Great video. I got a bit confused in the part "interpolation in CFD between cell center and its faces is linear", but I got the point, it is often, but not strictly linear. Thank you for the high-quality content!
Thanks for this content! Somehow you made everything very clear in the span of 20 minutes :) It is rare to find someone in this field which is able to explain these topics in such a simple manner.
I'm glad you like the content. Generally the courses have a lot more detail and examples in them than the TH-cam lectures, so they are great if you want to dig into the matrices and the detail. The TH-cam lectures are best if you are looking for a good overview of a topic and trying to work out what buttons to press in ANSYS or OpenFOAM 😃
This is a difficult question, as there arent many good books on turbulence modelling at all! I would suggest ‘turbulent flows’ bu stephen pope. It is quite an advanced book that goes through turbulence theory in detail and should have eveything you need. The application to CFD however, is limited in this book and i would read Hrvoje Jasaks thesis instead for this 👍
The video is awesome thank you very much ...... I have 2 questions please 1) The curve of the log low region makes a nonlinear curve from the wall to Up, from where did you know that this nonlinear curve is going to have the right slope of the wall shear stress (I think the green line should reach the origin to satisfy this but in the graph in the video it doesn't reach the origin) is that right ? 2) when you equated the 2 equations of the linear and log low region you cancelled "Up" in the left side with the right side although "Up" of the linear equation should be different from the "Up" of the log low equation to equate them right?
Hi Hatem, in answer to your questions, it is important to remember that it is the product of the viscosity and the velocity gradient that gives the wall shear stress.

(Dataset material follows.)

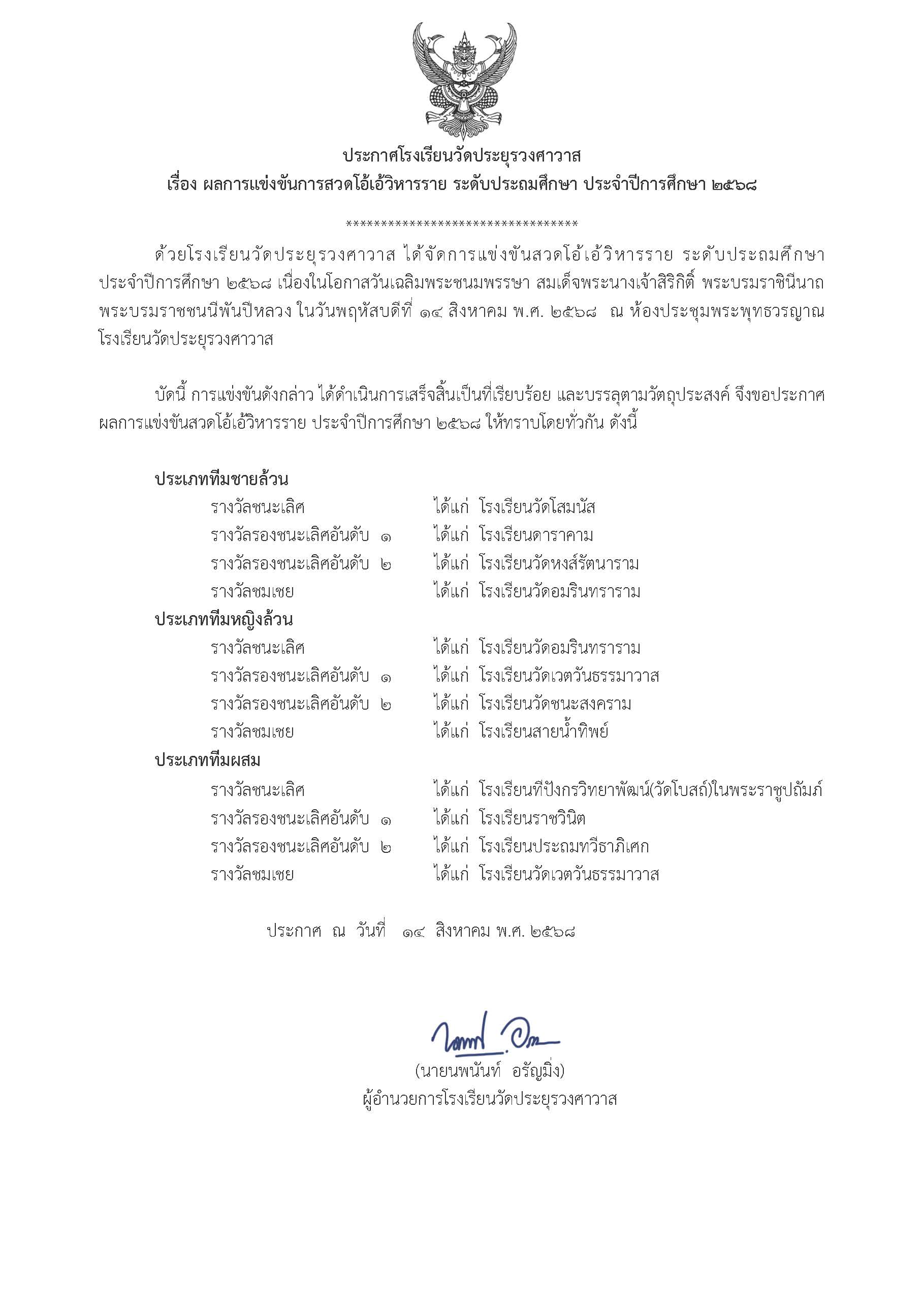 ประกาศโรงเรียนวัดประยุรวงศาวาส เรื่อง ผลการแข่งขันการสวดโอ้เอ้วิหารราย ระดับประถมศึกษา ประจำปีการศึกษา ๒๕๖๘

As the variation across a cell is linear, the velocity gradient will be incorrect when we are in the log law region. But this is ok, as long as the product of the (now incorrect) velocity gradient and viscosity gives the correct wall shear stress. This is why we modify the viscosity :) the green line doesnt need to reach the origin, as it is the gradient that we care about. For question 2, remember that it is the CFD solver that calculates the value of Up, so we assume that we know this and it is a constant. Remember remember, we are modifying the viscosity here to get the correct wall shear stress, not computing the value of Up. I hope this helps! Im thinking of doing a follow up video to clarify these points, what do you think? Would that be helpful? Aidan
"Thank you for your awesome video! could you please tell me which y+ in In OpenFOAM, should be between 30 < y+ < 300? Is it the minimum, maximum, or average ?
It is the y+ in the region that you care about (or affects your solution the most). For example, on an aerofoil it is the y+ on the trailing edge of the aerofoil which has the greatest effect on the separation point. You care less about the y+ near the stagnation point at the nose of the aerofoil, as this has a smaller effect on the drag calculation. So you need to use some engineering judgement. Have a look at your geometry and try and deduce which region in the most important. If you are unsure, you can always test it by creating a few different meshes and see what effect it has on the results
Aiden, I had a doubt, Till what value of y+ is the wall function to be applied for in the mesh? Ypu have mentioned that for y+ > 30, use wall functions But till what y+ value is that to be used, above which is the resumption of normal CFD interpolation?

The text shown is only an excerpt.